# Action item:
Your answer should give again, exactly, the lines from the beginning of the entries below through the line containing "Keep your kitchen". It must contain no pictures.

[Stored records]
┌──

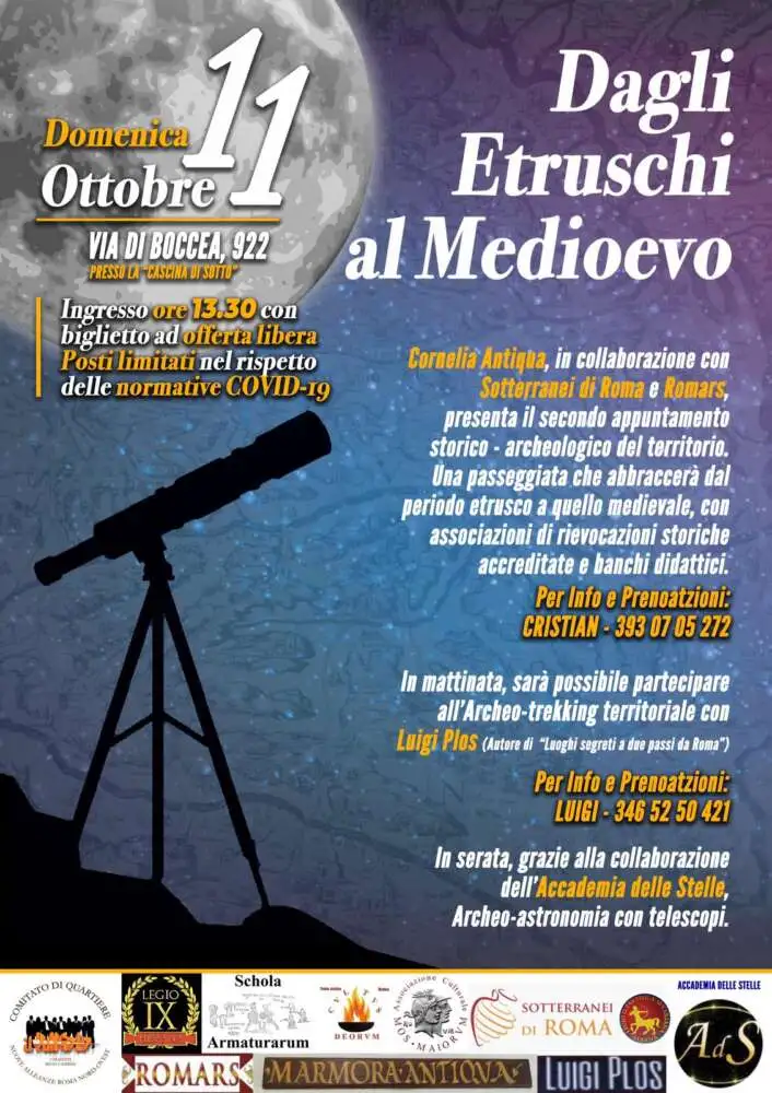 Una serata astronomica con osservazioni al telescopio e guida al cielo concluderà un’intera giornata di rievocazioni storiche ed esplorazione dei tesori archeologici del territorio di Boccea-Cornelia. Con conferenza serale di archeoastronomia.
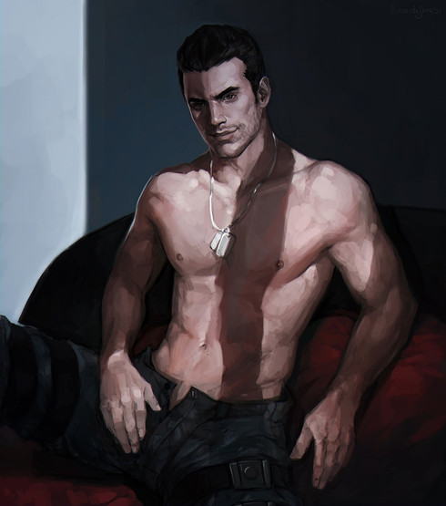 Ugh, if I was gay, or a gal, I would enjoy this. BUT the anatomy is really good and why does he have the Outsiders mark on his peck and not on his hand, it looks cool, but it's on the back of his hand.
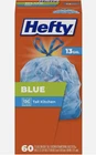 Keep your kitchen clean and your trash out of sight with these Hefty Blue Trash Bags. Designed for a perfect fit in any kitchen space, these bags have a capacity of 30 gallons and come in a convenient 36-count pack. The vibrant blue color adds a touch of brightness to your waste disposal solutions.Crafted from durable plastic, these trash bags are meant to last and are ideal for managing all your kitchen waste. With dimensions designed for practical use, less than 5 inches in length, width, and height, they ensure a snug and secure fit in your trash receptacle. Trust Hefty to provide a reliable, low-maintenance waste management tool for your home.
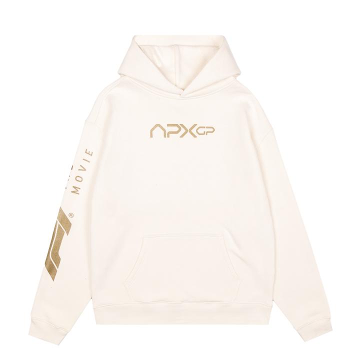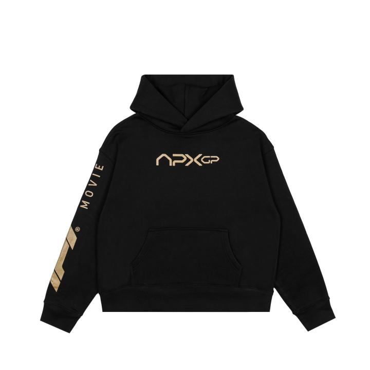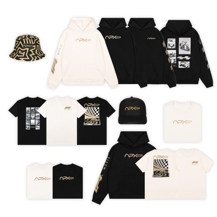 这部电影的限量周边系列现已在F1官方商店全球发售。该系列主打黑金色调,取自电影中的虚构车队APXGP,涵盖连帽卫衣、T恤、帽款等潮流单品。从大胆的图形印花、几何波纹图案到简约的APXGP标志,这一系列巧妙平衡了运动、街头与极简设计。
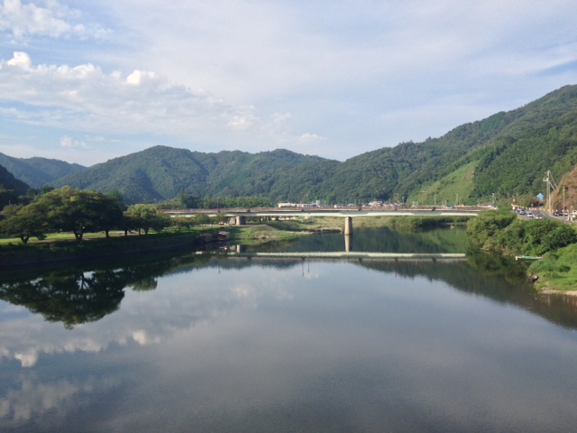 下流にかけては流れが急になるが、上流は穏やか。そこになんと、天然の大きな鮎がたくさん泳いでいた。ちょっと、壮観なくらいな。その鮎を狙って、釣り人たちが、川の中に入って竿を振る。これは釣れるだろうなぁ。
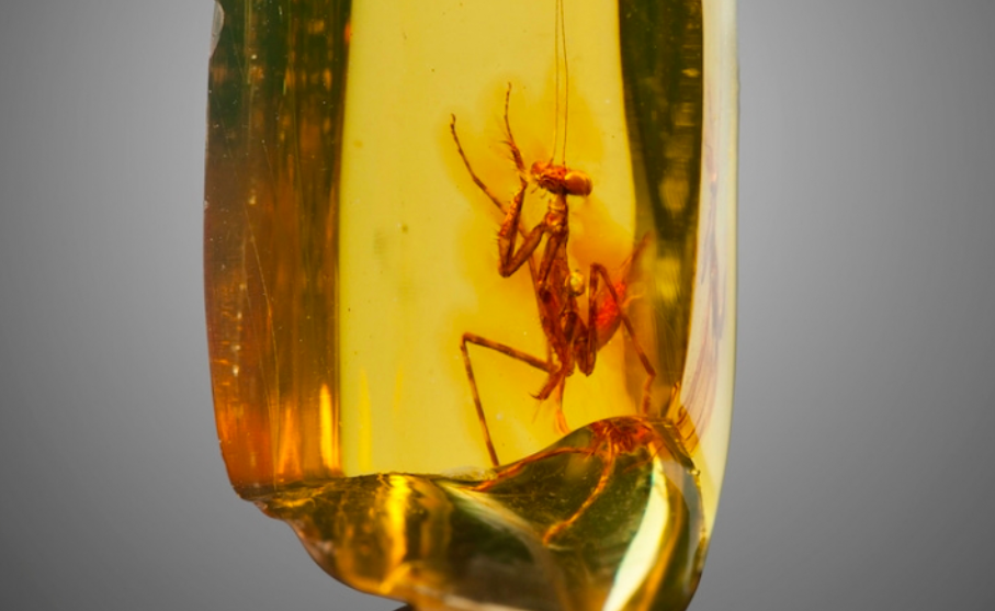 Praying Mantis Perfectly Reserved For 30-Million-Years In a Piece Of Amber
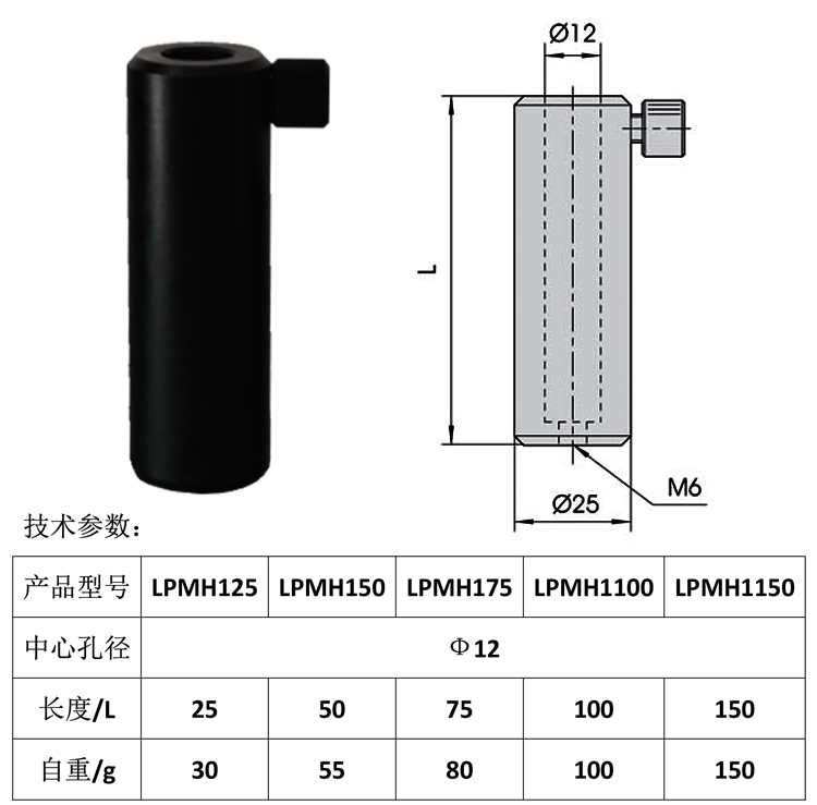 产品详情 LPMH1系列支撑杆架(可配套直径12mm支撑杆) 应用于实验设备固定转接与光学平台连接 在线咨询 产品详情 ● 中心12mm圆孔,可将LPMP系列支撑杆固定在不同高度 ● 中心孔有加工V形长槽,在调整接杆高度时不产生其它位置变化,并且锁紧稳定 ● 底部M6螺纹孔方便与其它光具座连接 莱普科技杆架可用于光学光具类产品的固定与连接,满足试验当中对不同需求, 配合LPMP系列支撑杆组合使用,以达到光学实验中需要的不同高度。杆架有5 种规格,均配有锁紧固定手钮,底部带有与平台光具座连接的M6螺纹孔,杆架 包括锁紧固定、升降微调、手动旋转等多种功能。杆架是光学实验、科研研发、 加工生产中广泛应用的支撑转接器材。
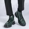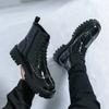 Moda Botas Masculinas de Couro Brilhante Zíper Lateral Negócios Novo Estilo Confortável Cano Alto Sapatos Casuais Masculinos Design Clássico Sapatos de Sola Grossa
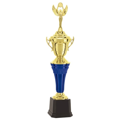 TROFÉU EM POLÍMERO METALIZADO A ALTO VÁCUO MEDIDAS: ALTURA – 68 cm. LARGURA SUPERIOR – 18,70 cm. LARGURA INFERIOR – 13,10 cm. ALTURA DA BASE- 10 cm. PESO APROXIMADO – 1,30 KG CORES – DOURADO, PRETO, AZUL CORES ALTERNATIVAS: CONE NAS CORES VERMELHA, VERDE OU DOURADA COMPOSIÇÃO: COMPONENTES FABRICADOS EM POLÍMERO: BASE OITAVADA, SUPORTE, CONE COM TAMPA, TAÇA COM ALÇAS E TAMPA, ESTATUETA SUPERIOR. OUTROS COMPONENTES: FERRAGENS PARA FIXAÇÃO
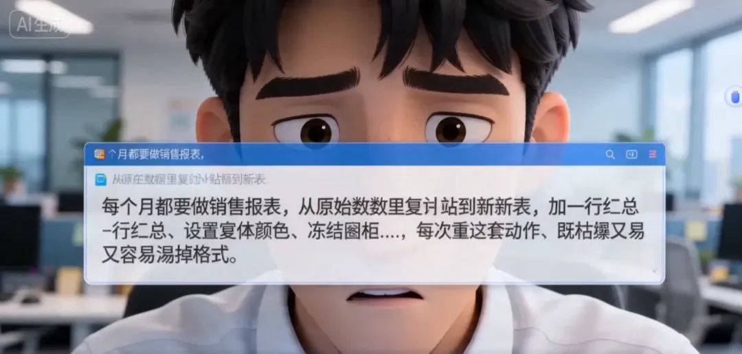 上周财务部的小刘找我吐槽:每个月都要做销售报表,从原始数据里复制粘贴到新表,加一行汇总,设置字体颜色、边框、冻结窗格……每次重复这套动作,既枯燥又容易漏掉格式。

└──

# Written answer:
 Una serata astronomica con osservazioni al telescopio e guida al cielo concluderà un’intera giornata di rievocazioni storiche ed esplorazione dei tesori archeologici del territorio di Boccea-Cornelia. Con conferenza serale di archeoastronomia.
 Ugh, if I was gay, or a gal, I would enjoy this. BUT the anatomy is really good and why does he have the Outsiders mark on his peck and not on his hand, it looks cool, but it's on the back of his hand.
 Keep your kitchen clean and your trash out of sight with these Hefty Blue Trash Bags. Designed for a perfect fit in any kitchen space, these bags have a capacity of 30 gallons and come in a convenient 36-count pack. The vibrant blue color adds a touch of brightness to your waste disposal solutions.Crafted from durable plastic, these trash bags are meant to last and are ideal for managing all your kitchen waste. With dimensions designed for practical use, less than 5 inches in length, width, and height, they ensure a snug and secure fit in your trash receptacle. Trust Hefty to provide a reliable, low-maintenance waste management tool for your home.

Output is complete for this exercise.